Il Consiglio direttivo è costituito da un numero variabile da 3 a 5 consiglieri eletti dall’Assemblea. È presieduto dal Presidente o, in sua assenza, da altro consigliere da lui delegato.

Il Consiglio direttivo delibera su tutte le materie di ordinaria amministrazione, predispone il bilancio, delibera le quote sociali, decide sull’apertura della testata telematica e nomina il relativo direttore responsabile, propone i programmi di attività e vigila sulla loro applicazione, stabilisce la data delle assemblee, determina ogni altra modalità organizzativa.

Il Consiglio può nominare un Segretario amministrativo, fissandone compiti ed eventuale retribuzione.

Art. 13 – Comitato scientifico

Il Comitato scientifico, nominato dal Consiglio direttivo, è composto da studiosi della regolazione, di diversa estrazione disciplinare.
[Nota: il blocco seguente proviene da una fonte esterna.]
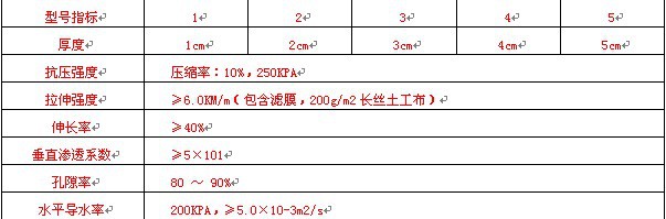 土工席垫规格及性能:土工席垫目前宽度为1m,厚度为1cm-5cm,抗压强度50-300kpa。并可根据工程要求定做其他规格和性能的产品。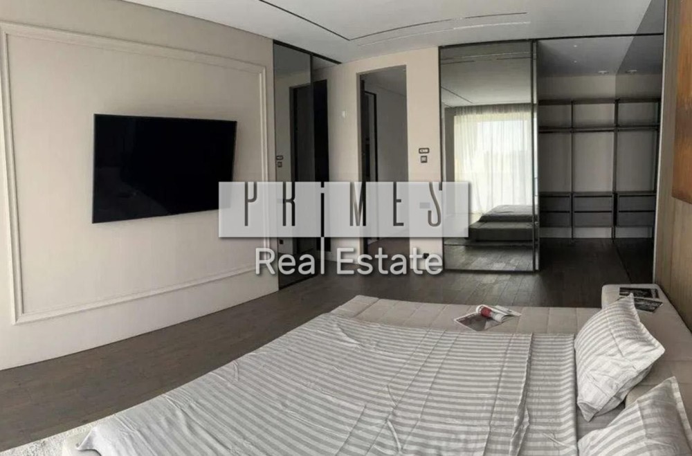 МASTER ROOM 2-й поверх приємна майстер спальня з тонкими тонами та просторим італійським ліжком; ТБ 65 дюймів; дві гардеробні кімнати, жіноча та чоловіча з монтованими меблями; підлога дубовий паркет; вихід на терасу; майстер сан. вузол, в якому є величезне вікно, ванна з каменю, накладні умивальники, душова та унітаз-біде.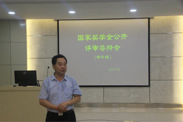 2017年9月26日下午,365官网国家奖学金评审答辩会在南校区举行,答辩会分本科、专科两个会场,分别设在学术报告厅和大学生服务中心会议室。学校常务副校长刘翠兰、校长助理陈文华,纪委副书记赵伟、质管办副主任郑蕾,学工部、教务处、团委等相关老师担任评委参加了此次答辩会。每组设有10名学生评委以及260余名学生观众。经各二级学院推荐答辩候选人,共有40名本、专科同学参加答辩,本科组和专科组会场分别由学工部部长龙新良和学工部副部长孙玉山主持。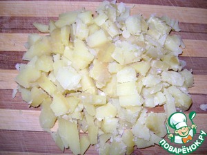 • Сваренный в мундире картофель почистить и нарезать кубиком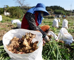 태안반도 생강이 이달 초부터 본격적인 출하를 시작했다.국내 생강의 주산지로 손꼽히는 태안에서는 이달 현재 429농가가 총 160ha 면적에서 생강을 재배하고 있다. 올해는 봄철 저온 및 여름철 고온으로 생육이 다소 저조해 지난해 대비 약 5% 가량 생산량 감소가 예상된다. 생강은 인도 의학서적 ‘아유르베다(Ayurveda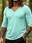 Homens Camiseta Camisetas T-shirt Camisa de manga longa Manga Longa Decote V Verão Primavera Tecido Moda Designer Básico Clássico Férias Rua Para Noite Preto Roxo Azul Céu Top Tee para Homens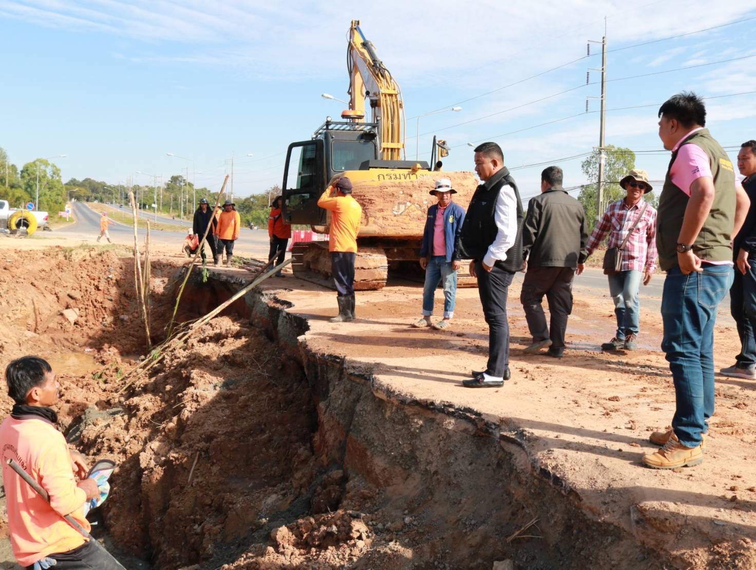 "ร่วมลงพื้นที่ตรวจสอบ แนะนำการปฏิบัติงาน ปรับปรุงแก้ไขท่อระบายน้ำและทางระบายน้ำและทางระบายน้ำ และเพิ่มช่องระบายน้ำเพื่อแก้ไขปัญหาน้ำท่วมขัง คันทางชำรุดจากการกัดเซาะ ทล.23 ตอน ร้อยเอ็ด - เสลภูมิ ที่ กม.139+500"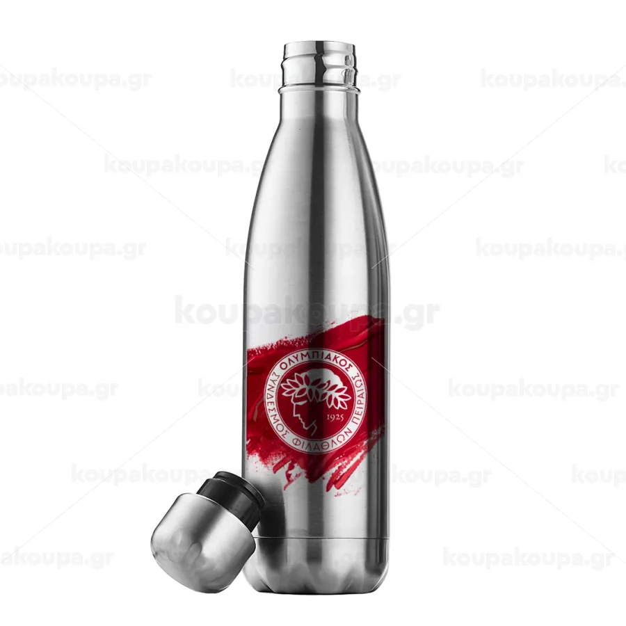 Olympiacos F.C., Πασχαλινή Λαμπάδα με μεταλλικό παγούρι θερμός ανοξείδωτο (500ml) & κερί αρωματικό πλακέ (30cm) (ΓΚΡΙ)

Il Comitato scientifico persegue tre fondamentali scopi:

– definire le linee di indirizzo della ricerca dell’Osservatorio AIR;

– promuovere la diffusione degli studi in materia di analisi di impatto della regolazione presso i giovani studiosi;

– promuovere, in generale, la diffusione della conoscenza e della cultura della better regulation presso le principali amministrazioni italiane.

Art.14 – Presidente

Il Presidente rappresenta l’Osservatorio, presiede le adunanze dell’Assemblea e del Consiglio direttivo, provvede alla tutela degli interessi dell’Osservatorio e ne dirige l’attività in conformità alle decisioni dei suoi organi, mantiene i rapporti con altri enti e organizzazioni.

Il Presidente viene nominato dal Consiglio direttivo.

Art. 15 – Sedute

Le convocazioni vanno fatte, di norma, con almeno 7 giorni di preavviso a mezzo di email. In caso di urgenza è ammessa la convocazione via mail con almeno 48 ore di preavviso.

Le sedute degli organi sociali possono essere svolte anche per via telematica.

L’Assemblea e il Consiglio Direttivo sono validamente costituiti in prima convocazione con la presenza della maggioranza assoluta dei componenti, in seconda convocazione con la presenza di almeno un terzo degli aventi diritto.

Le delibere, se non diversamente specificato nel presente Statuto, sono assunte a maggioranza dei presenti. In caso di parità prevale il voto del Presidente. Le votazioni avvengono con scrutinio palese, salvo richiesta di almeno un terzo dei partecipanti di procedere a scrutinio segreto.

Art. 16 – Modifiche allo Statuto

Il presente Statuto può essere modificato dall’Assemblea a maggioranza assoluta.

Art. 17 – Scioglimento

Lo scioglimento dell’Osservatorio è deliberato dall’Assemblea a maggioranza assoluta.

In caso di scioglimento l’Osservatorio ha l’obbligo di devolvere il proprio patrimonio ad altre organizzazioni con finalità analoghe o a fini di pubblica utilità.

Art. 18 – Riconoscimento della personalità giuridica o trasformazione in fondazione

La presentazione della domanda di riconoscimento della personalità giuridica o la trasformazione dell’Osservatorio in fondazione possono essere deliberate dall’Assemblea.